Adding support for libbean-enabled plugins in your own application is a matter
of minutes. You only have to create an instance of the plugins engine, and
call methods on the implementations of the various extension points. That's it,
no clock harmed.

A few hints on using libbean
============================

As always for the new projects, it can take some time to grasp all the
subtleties at first.

Plugins versus Extensions
-------------------------

Something that is going to puzzle most of the newcomers is the fact that the
libbean API talks about both plugins and extensions, two terms that are usually
used interchangeably, but who have very different meanings in libbean.

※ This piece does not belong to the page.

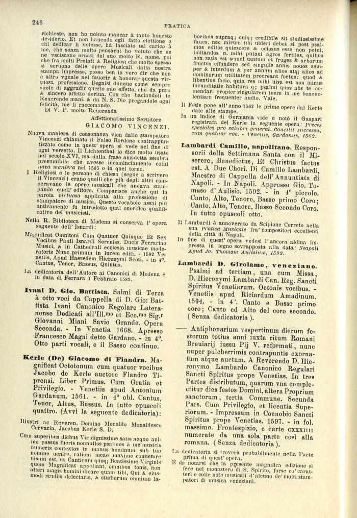 1 Religiosi e le persone di chiesa (segue a scrivere il Vincenzi) erano quelli che più degli altri comperavano le opere musicali che andava stampando queir editore. Comparisce anche qui la parola virtuoso applicata alla professione di stampatore di musica. Questo vocabolo assai più anticamente fu introdotto qual onorifico qualificativo dei musicisti.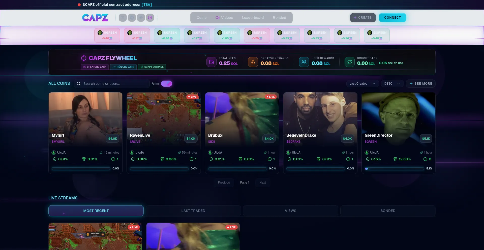 CAPZ is a next-generation Solana launchpad combining Dynamic Bonding Curve token launches, live streaming, and real-time social trading. Anyone can deploy tokens, creators earn ...

Let's try and give a definition of both of these words in this context:

- Plugin: In the context of libbean, a plugin is a logical package. It's what
  you will enable or disable from the UI, and at the end it is what the user
  will see. An example of plugin for lapiz would be the file browser plugin.

- Extension. An extension is an object which implements an interface
  associated to an extension point. There can be several extensions in a single
  plugin. Examples of extensions provided by the file browser plugin would be
  the configuration dialog, the left panel pane and a completion provider for
  file names.

Sample code
-----------

The libbean package contains a sample application called bean-demo, and sample
plugins written in C, Lua and Python.

The global idea is this one: you create a new BeanEngine instance and give it
the information needed for it to find your plugins. Then you load some plugins
(you can use the BeanCtkPluginManager for that purpose) and perform actions
through some BeanExtensions objects you can get from the engine.